● Exercise
In the records below, find the line containing "Black satin upper, off-white" and return it together with every later line, exactly as written; pictures are to be omitted.

● Available data
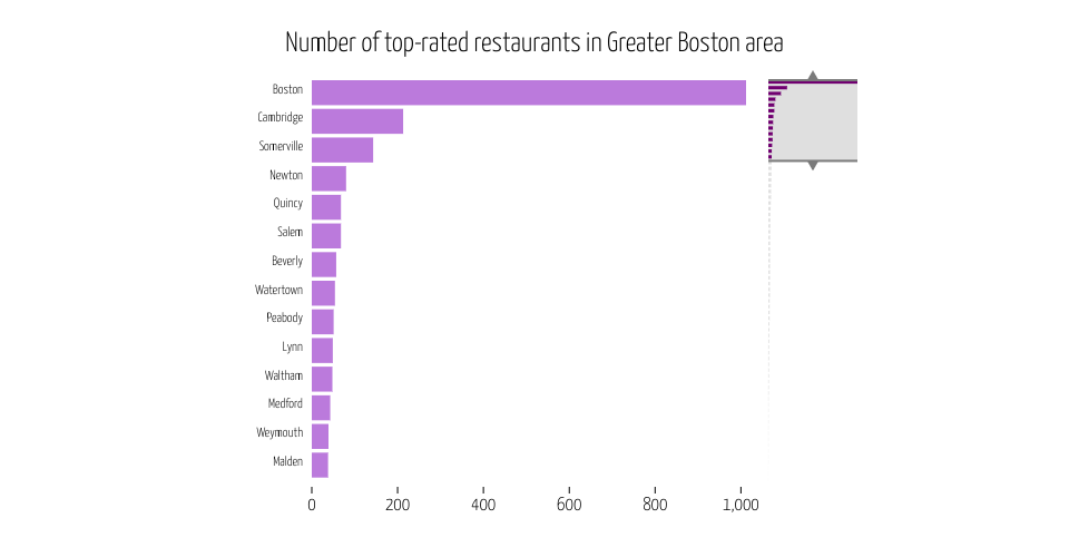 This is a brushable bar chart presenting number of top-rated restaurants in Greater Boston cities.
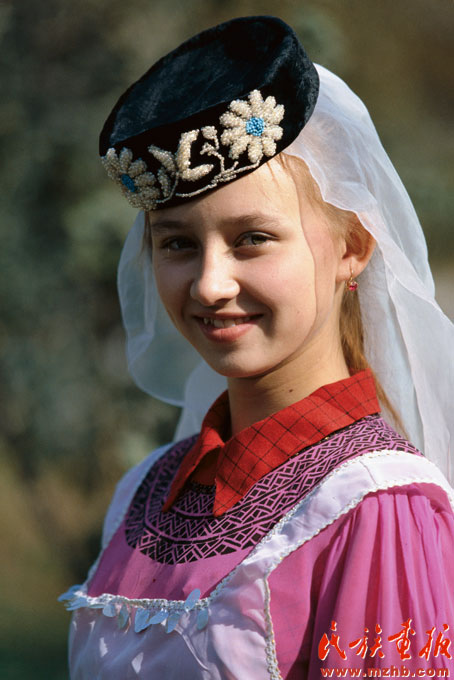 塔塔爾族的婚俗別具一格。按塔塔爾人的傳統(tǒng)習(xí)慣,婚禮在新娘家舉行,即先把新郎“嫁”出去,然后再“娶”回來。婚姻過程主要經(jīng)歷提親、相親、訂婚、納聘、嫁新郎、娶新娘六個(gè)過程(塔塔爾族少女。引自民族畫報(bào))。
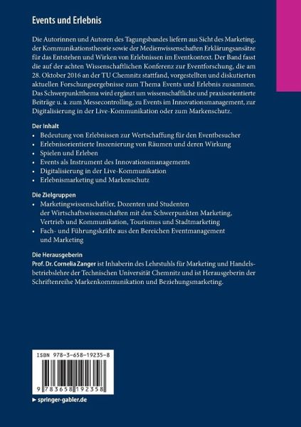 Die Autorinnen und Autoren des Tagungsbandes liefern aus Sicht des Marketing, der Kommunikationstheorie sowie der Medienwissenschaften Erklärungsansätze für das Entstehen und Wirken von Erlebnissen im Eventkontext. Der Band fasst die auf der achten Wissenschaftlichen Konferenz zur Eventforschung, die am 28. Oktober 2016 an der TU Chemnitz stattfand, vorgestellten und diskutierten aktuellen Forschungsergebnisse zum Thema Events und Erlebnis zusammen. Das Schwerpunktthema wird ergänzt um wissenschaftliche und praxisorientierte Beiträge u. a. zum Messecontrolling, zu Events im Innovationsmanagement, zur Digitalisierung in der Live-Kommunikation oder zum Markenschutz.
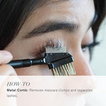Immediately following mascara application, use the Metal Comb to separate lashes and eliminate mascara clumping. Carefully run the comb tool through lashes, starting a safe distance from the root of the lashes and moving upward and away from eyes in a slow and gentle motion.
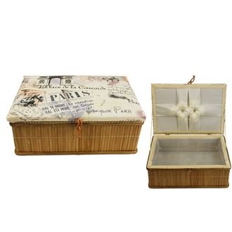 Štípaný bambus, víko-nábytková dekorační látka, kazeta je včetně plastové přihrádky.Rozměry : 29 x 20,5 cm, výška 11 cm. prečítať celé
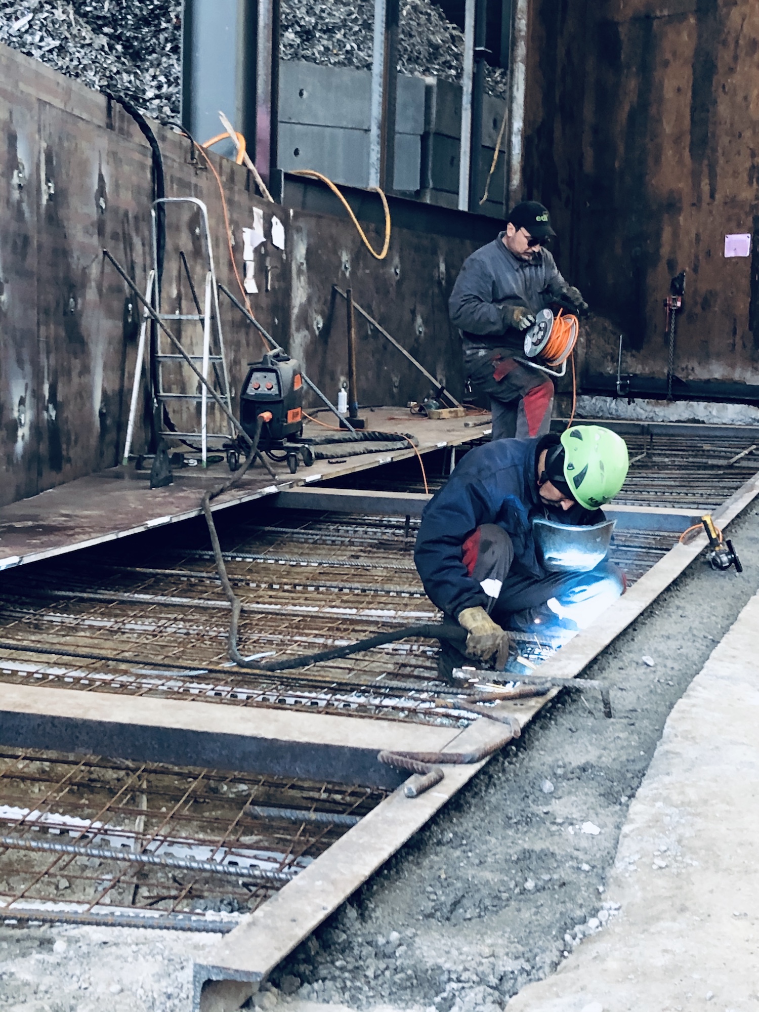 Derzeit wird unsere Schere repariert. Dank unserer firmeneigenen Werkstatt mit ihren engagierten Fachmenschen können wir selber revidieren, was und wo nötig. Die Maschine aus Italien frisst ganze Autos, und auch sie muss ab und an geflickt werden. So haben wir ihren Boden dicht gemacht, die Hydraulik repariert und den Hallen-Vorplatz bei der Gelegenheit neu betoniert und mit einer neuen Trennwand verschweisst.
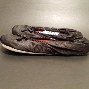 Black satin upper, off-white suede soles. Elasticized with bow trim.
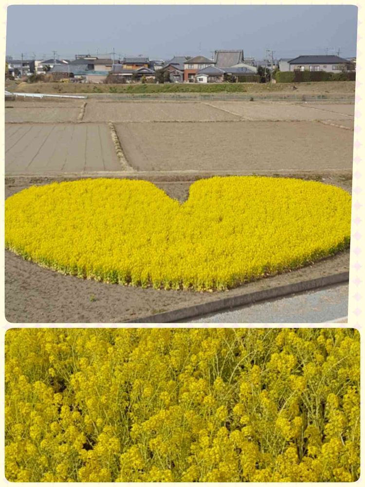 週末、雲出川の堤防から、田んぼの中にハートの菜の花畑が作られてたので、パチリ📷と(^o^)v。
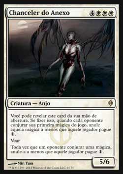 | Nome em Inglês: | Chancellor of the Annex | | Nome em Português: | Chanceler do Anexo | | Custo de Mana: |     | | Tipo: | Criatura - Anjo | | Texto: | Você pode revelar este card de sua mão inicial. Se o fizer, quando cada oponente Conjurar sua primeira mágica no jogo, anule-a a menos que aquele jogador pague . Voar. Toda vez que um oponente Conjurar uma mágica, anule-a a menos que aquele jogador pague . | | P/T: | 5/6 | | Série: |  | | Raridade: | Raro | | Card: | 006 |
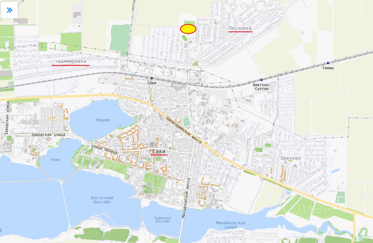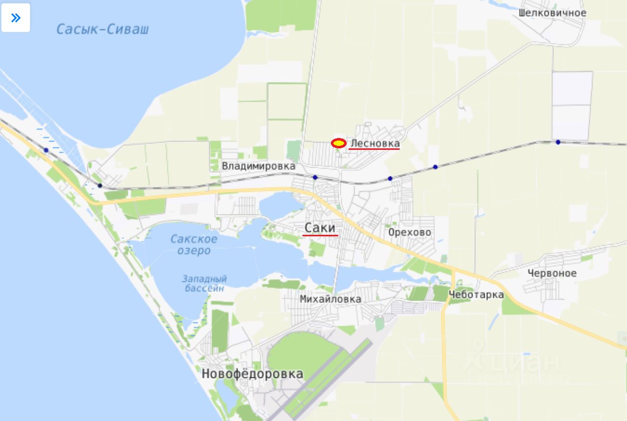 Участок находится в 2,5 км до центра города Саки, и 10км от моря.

● Your response
 Black satin upper, off-white suede soles. Elasticized with bow trim.
 週末、雲出川の堤防から、田んぼの中にハートの菜の花畑が作られてたので、パチリ📷と(^o^)v。
 | Nome em Inglês: | Chancellor of the Annex | | Nome em Português: | Chanceler do Anexo | | Custo de Mana: |     | | Tipo: | Criatura - Anjo | | Texto: | Você pode revelar este card de sua mão inicial. Se o fizer, quando cada oponente Conjurar sua primeira mágica no jogo, anule-a a menos que aquele jogador pague . Voar. Toda vez que um oponente Conjurar uma mágica, anule-a a menos que aquele jogador pague . | | P/T: | 5/6 | | Série: |  | | Raridade: | Raro | | Card: | 006 |
 Участок находится в 2,5 км до центра города Саки, и 10км от моря.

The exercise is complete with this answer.